# Your objective
In the answer, each entry below appears exactly as given, and no picture appears at all.

# Records provided
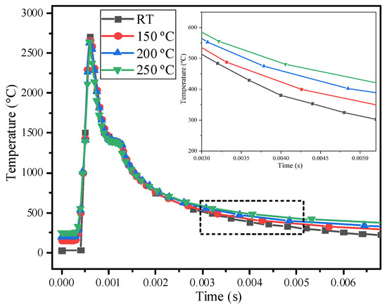 It can be concluded that higher preheating temperature is not always favorable for high-strength steel materials. With the increase in preheating temperature, the residual stress may increase. The thermal cycle curve of preheating is shown in Figure 6. In the SLM manufacturing process, the temperature of the monitoring point increases with the preheating temperature, but the maximum temperature of the molten pool slightly changes with the decrease in the laser power. As the preheating temperature increases, the cooling stage of the temperature cycle curve slows down; namely, the cooling speed of the formed block decreases. The cooling rate of molten pool decreases from 2.32 × 105 °C/s (without preheating) to 1.43 × 104 °C/s (preheating temperature 250 °C). More uniform cooling rate can be obtained by preheating the substrate, and the stress growth caused by the rapid cooling of the metal around the molten pool can be slowed down. The best stress control can be obtained at a preheating temperature of 200 °C. However, higher temperatures place higher demands on the equipment; therefore, a suitable preheating temperature should be 100–150 °C.
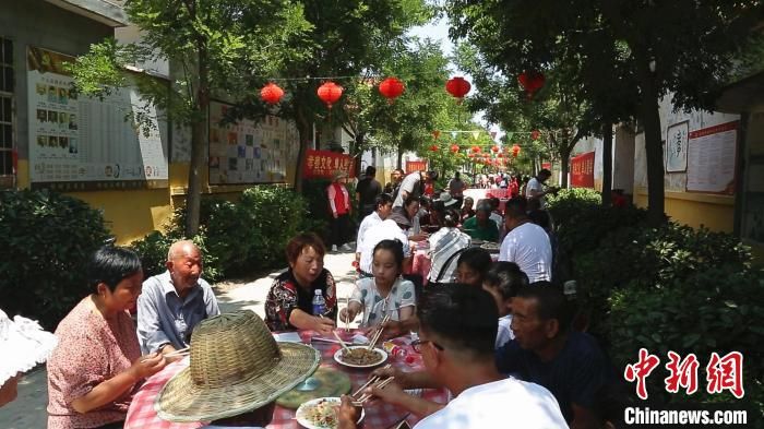 “孝善羊湯宴”將伏羊節(jié)推向高潮,當(dāng)?shù)卮迩f免費(fèi)請(qǐng)“孝善人家”代表等“喝伏羊”?!「逗?攝
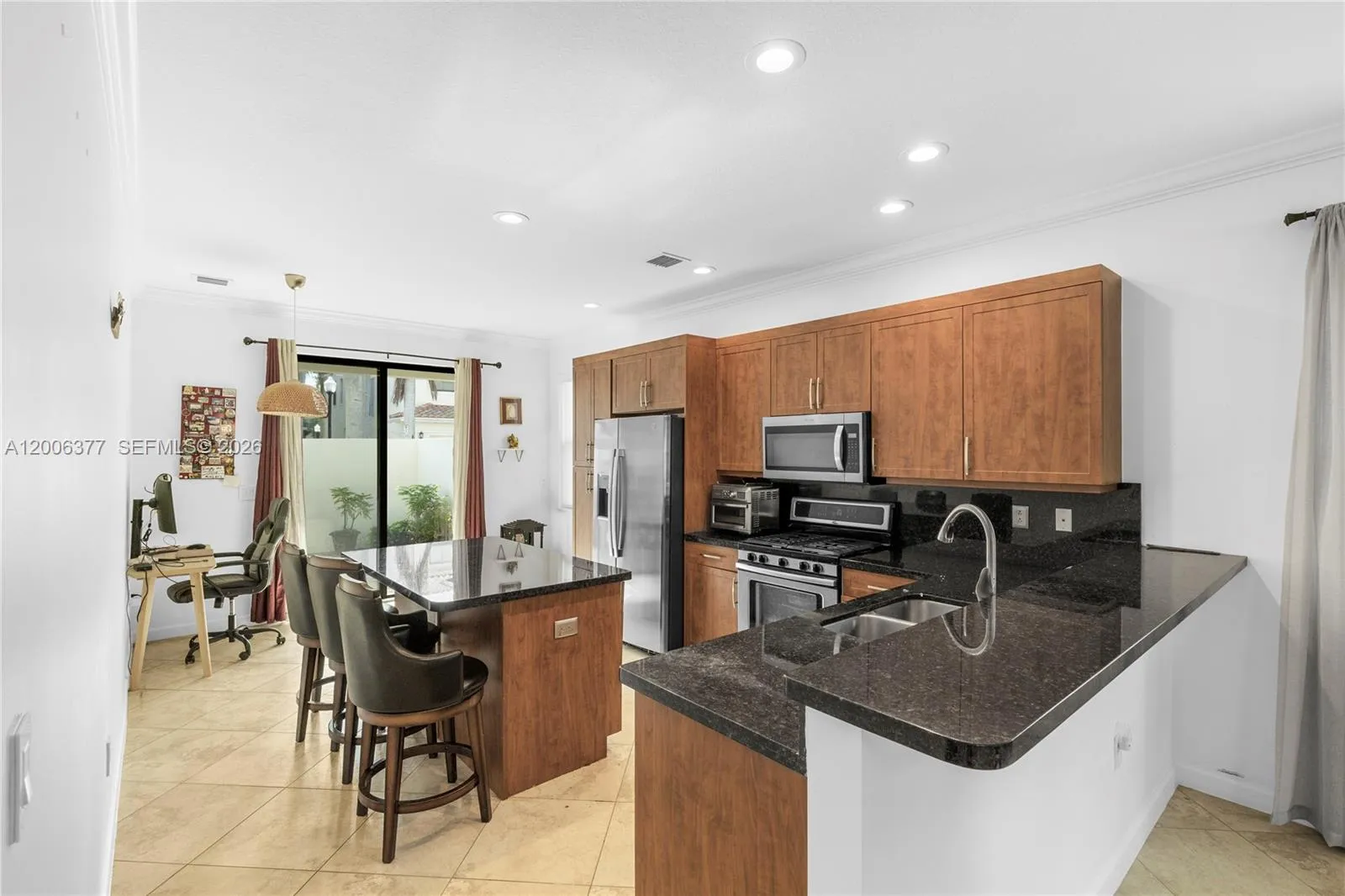 Exquisite Mediterranean-Style Residence with Private Courtyard Located at the Exclusive Artesia by Minto. With almost 2,000 sq ft of living space, this 3 Bedroom, 2.5 Bath plus 2-Car Garage is in pristine condition and features all high impact windows and doors, a kitchen to delight any chef, wood cabinets, high ceilings, decorator light fixtures, beautiful luxury vinyl floors and ceramic tile, professionally installed Tesla charger, new refrigerator, new microwave, new dishwater, AC system replaced approximately in 2023, built-in closets etc.. Artesia is a resort living community that includes 3 pools, 3 tennis, fitness center, child playground etc.. Walking distance to international shopping, restaurants, entertainment. Easy access to major highways, airports, golf etc
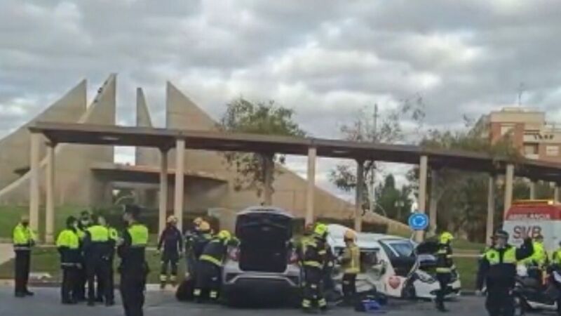 Aparatoso accidente de tráfico entre tres coches, uno de ellos un taxi, con tres heridos esta mañana en la rotonda de la avenida Jaime I con la calle Teulada.
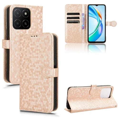 Funda de Cuero con Textura de Panal para Honor X5B 4G y X5B Plus 4G (Dorada)
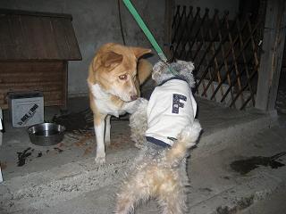 五右衛門はわんこ友達が来たので大喜び。ファイブは・・・。
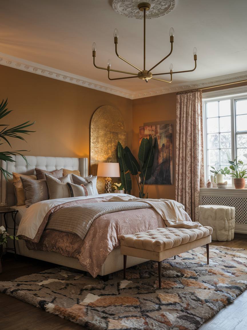 Area rugs add warmth, comfort, and visual structure to a romantic bedroom. A soft, plush rug underfoot enhances comfort while contributing to the overall coziness of the space. Layering rugs with different textures or patterns introduces depth and dimension. Rugs can help define areas within the room, such as the bed zone or seating corner, while tying together the color scheme. They are an essential element in creating a warm and inviting environment that feels both luxurious and grounded.
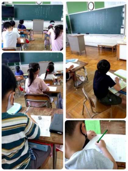 1年生が連絡帳を書いています。しっかりと黒板の文字を見て、ノートにていねいに書いています。一文字ずつ丁寧に濃い字で書く練習をしています。
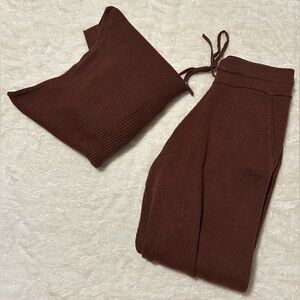 This brown ribbed Bobi set offers ultimate comfort with a touch of understated style. The soft, ribbed knit drapes beautifully, creating a flattering silhouette. The long-sleeve top features a classic round neckline, while the high-waisted pants boast an elastic waistband and adjustable drawstring for a perfect fit. Ideal for relaxing at home or running errands in style, this loungewear set is a cozy essential for any wardrobe.
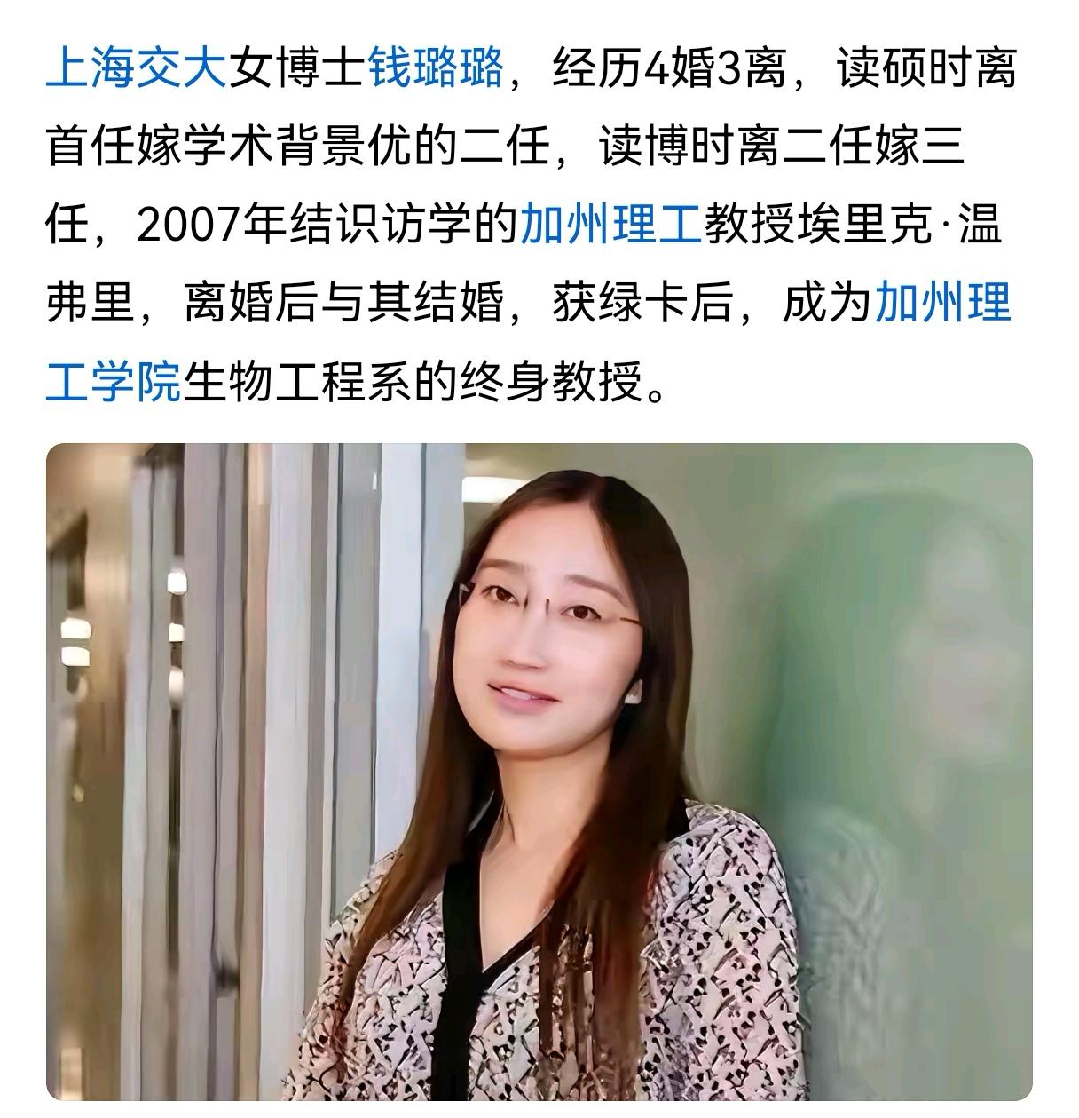 以婚姻为抓手,拼事业的女人不只钱璐璐 四婚三离,每次踩一个男人的肩膀进一步,最后成了加州理工学院的终身教授,这婚姻太值得了。只付出皮囊、不付出真心的婚姻不重要,让自己成长才重要。 像钱璐璐这样的女并不少。一个政府招待所的临时工,经过几次倒卖婚姻,成了管教育的副县长。一个打字店的女工,通过反复结婚,成了县教育系统的名师。婚姻不再是忠诚,是晋升的阶梯。
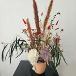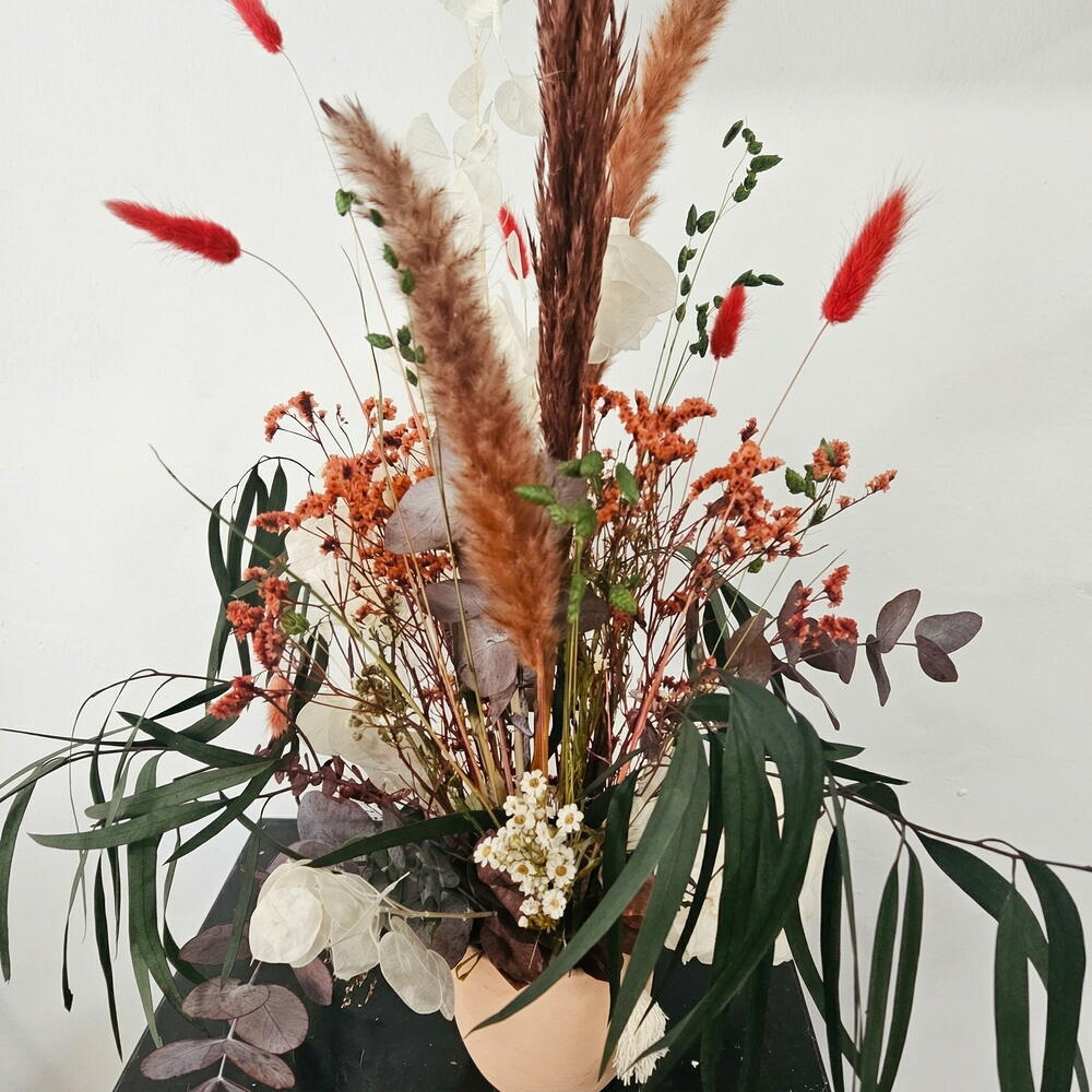 Un arreglo decorativo de estilo natural y bohemio que combina flores secas y preservadas en una elegante maceta, creando una composición única y duradera. Sus tonos cálidos y neutros aportan un aire acogedor y sofisticado, ideal para decorar cualquier espacio con un toque orgánico. La mezcla de texturas, desde plumas suaves hasta hojas delicadas, genera un diseño visualmente atractivo y moderno. Este arreglo es perfecto para regalar o para ambientar interiores con estilo minimalista o rústico. No requiere mantenimiento, lo que lo convierte en una opción práctica y duradera. Ideal para ocasiones como inauguraciones, cumpleaños, regalos corporativos o decoración del hogar. Para su cuidado, se recomienda mantenerlo en un lugar seco, evitar la luz solar directa y no exponerlo a la humedad o corrientes de aire fuertes.
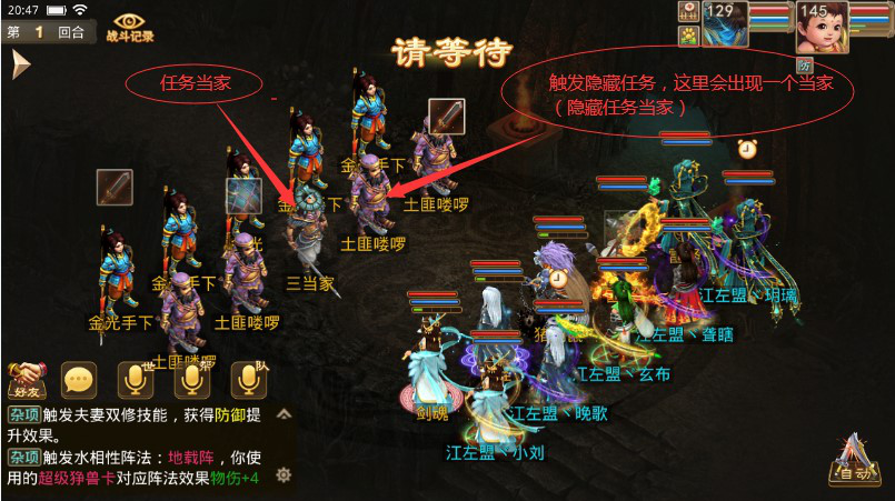 隐藏任务兄弟齐整注意事项:会出一个新的当家,也不能击败,击败的话隐藏任务会失败。
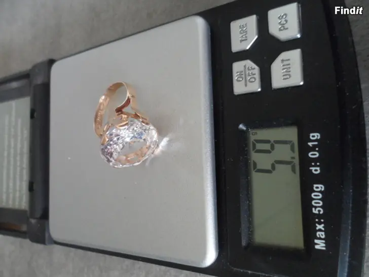 Isokivinen sormus 14 karaatin kultaa ja paino 5,9g
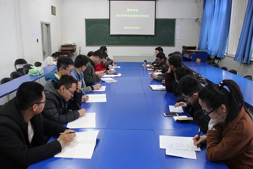 首先,陈向波副书记传达了上午学校2017届毕业生供需见面洽谈会的有关会议精神和要求,着重传达了高书记的讲话精神和要求。他强调全体参会人员要按照学校学院要求,提高认识、高度重视、精心准备,认真做好毕业生供需见面洽谈会的各项准备和服务工作。他着重强调了几个时间节点和几项特殊要求,安排了行政办公室、教学办公室等专人值班,团委学生会要积极配合学院和毕业班,为毕业生就业提供及时有效的相关服务。要求辅导员和各班加强对毕业生择业观和就业技能的教育,毕业生要树立正确的择业观,摆正心态,轻松应聘。同时要提高警惕、防止在就业中遭受到不必要的损失。毕业生要响应党和政府的号召,到基层去、到精准扶贫的地方去,到祖国和人民最需要的岗位上去。毕业班的学生党员和学生骨干,要严格按照“两学一做”的要求,发挥好先锋模范作用和带头作用,为班内同学参加供需见面会提供最大最好的帮助。
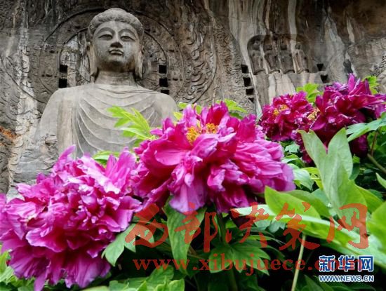 目前正值洛陽牡丹的盛花期,洛陽龍門石窟景區(qū)內(nèi)的近萬株牡丹爭奇斗艷,與古老的石刻佛像共同構(gòu)成獨(dú)特的風(fēng)景。

# Result
 It can be concluded that higher preheating temperature is not always favorable for high-strength steel materials. With the increase in preheating temperature, the residual stress may increase. The thermal cycle curve of preheating is shown in Figure 6. In the SLM manufacturing process, the temperature of the monitoring point increases with the preheating temperature, but the maximum temperature of the molten pool slightly changes with the decrease in the laser power. As the preheating temperature increases, the cooling stage of the temperature cycle curve slows down; namely, the cooling speed of the formed block decreases. The cooling rate of molten pool decreases from 2.32 × 105 °C/s (without preheating) to 1.43 × 104 °C/s (preheating temperature 250 °C). More uniform cooling rate can be obtained by preheating the substrate, and the stress growth caused by the rapid cooling of the metal around the molten pool can be slowed down. The best stress control can be obtained at a preheating temperature of 200 °C. However, higher temperatures place higher demands on the equipment; therefore, a suitable preheating temperature should be 100–150 °C.
 “孝善羊湯宴”將伏羊節(jié)推向高潮,當(dāng)?shù)卮迩f免費(fèi)請(qǐng)“孝善人家”代表等“喝伏羊”?!「逗?攝
 Exquisite Mediterranean-Style Residence with Private Courtyard Located at the Exclusive Artesia by Minto. With almost 2,000 sq ft of living space, this 3 Bedroom, 2.5 Bath plus 2-Car Garage is in pristine condition and features all high impact windows and doors, a kitchen to delight any chef, wood cabinets, high ceilings, decorator light fixtures, beautiful luxury vinyl floors and ceramic tile, professionally installed Tesla charger, new refrigerator, new microwave, new dishwater, AC system replaced approximately in 2023, built-in closets etc.. Artesia is a resort living community that includes 3 pools, 3 tennis, fitness center, child playground etc.. Walking distance to international shopping, restaurants, entertainment. Easy access to major highways, airports, golf etc
 Aparatoso accidente de tráfico entre tres coches, uno de ellos un taxi, con tres heridos esta mañana en la rotonda de la avenida Jaime I con la calle Teulada.
 Funda de Cuero con Textura de Panal para Honor X5B 4G y X5B Plus 4G (Dorada)
 五右衛門はわんこ友達が来たので大喜び。ファイブは・・・。
 Area rugs add warmth, comfort, and visual structure to a romantic bedroom. A soft, plush rug underfoot enhances comfort while contributing to the overall coziness of the space. Layering rugs with different textures or patterns introduces depth and dimension. Rugs can help define areas within the room, such as the bed zone or seating corner, while tying together the color scheme. They are an essential element in creating a warm and inviting environment that feels both luxurious and grounded.
 1年生が連絡帳を書いています。しっかりと黒板の文字を見て、ノートにていねいに書いています。一文字ずつ丁寧に濃い字で書く練習をしています。
 This brown ribbed Bobi set offers ultimate comfort with a touch of understated style. The soft, ribbed knit drapes beautifully, creating a flattering silhouette. The long-sleeve top features a classic round neckline, while the high-waisted pants boast an elastic waistband and adjustable drawstring for a perfect fit. Ideal for relaxing at home or running errands in style, this loungewear set is a cozy essential for any wardrobe.
 以婚姻为抓手,拼事业的女人不只钱璐璐 四婚三离,每次踩一个男人的肩膀进一步,最后成了加州理工学院的终身教授,这婚姻太值得了。只付出皮囊、不付出真心的婚姻不重要,让自己成长才重要。 像钱璐璐这样的女并不少。一个政府招待所的临时工,经过几次倒卖婚姻,成了管教育的副县长。一个打字店的女工,通过反复结婚,成了县教育系统的名师。婚姻不再是忠诚,是晋升的阶梯。
 Un arreglo decorativo de estilo natural y bohemio que combina flores secas y preservadas en una elegante maceta, creando una composición única y duradera. Sus tonos cálidos y neutros aportan un aire acogedor y sofisticado, ideal para decorar cualquier espacio con un toque orgánico. La mezcla de texturas, desde plumas suaves hasta hojas delicadas, genera un diseño visualmente atractivo y moderno. Este arreglo es perfecto para regalar o para ambientar interiores con estilo minimalista o rústico. No requiere mantenimiento, lo que lo convierte en una opción práctica y duradera. Ideal para ocasiones como inauguraciones, cumpleaños, regalos corporativos o decoración del hogar. Para su cuidado, se recomienda mantenerlo en un lugar seco, evitar la luz solar directa y no exponerlo a la humedad o corrientes de aire fuertes.
 隐藏任务兄弟齐整注意事项:会出一个新的当家,也不能击败,击败的话隐藏任务会失败。
 Isokivinen sormus 14 karaatin kultaa ja paino 5,9g
 首先,陈向波副书记传达了上午学校2017届毕业生供需见面洽谈会的有关会议精神和要求,着重传达了高书记的讲话精神和要求。他强调全体参会人员要按照学校学院要求,提高认识、高度重视、精心准备,认真做好毕业生供需见面洽谈会的各项准备和服务工作。他着重强调了几个时间节点和几项特殊要求,安排了行政办公室、教学办公室等专人值班,团委学生会要积极配合学院和毕业班,为毕业生就业提供及时有效的相关服务。要求辅导员和各班加强对毕业生择业观和就业技能的教育,毕业生要树立正确的择业观,摆正心态,轻松应聘。同时要提高警惕、防止在就业中遭受到不必要的损失。毕业生要响应党和政府的号召,到基层去、到精准扶贫的地方去,到祖国和人民最需要的岗位上去。毕业班的学生党员和学生骨干,要严格按照“两学一做”的要求,发挥好先锋模范作用和带头作用,为班内同学参加供需见面会提供最大最好的帮助。
 目前正值洛陽牡丹的盛花期,洛陽龍門石窟景區(qū)內(nèi)的近萬株牡丹爭奇斗艷,與古老的石刻佛像共同構(gòu)成獨(dú)特的風(fēng)景。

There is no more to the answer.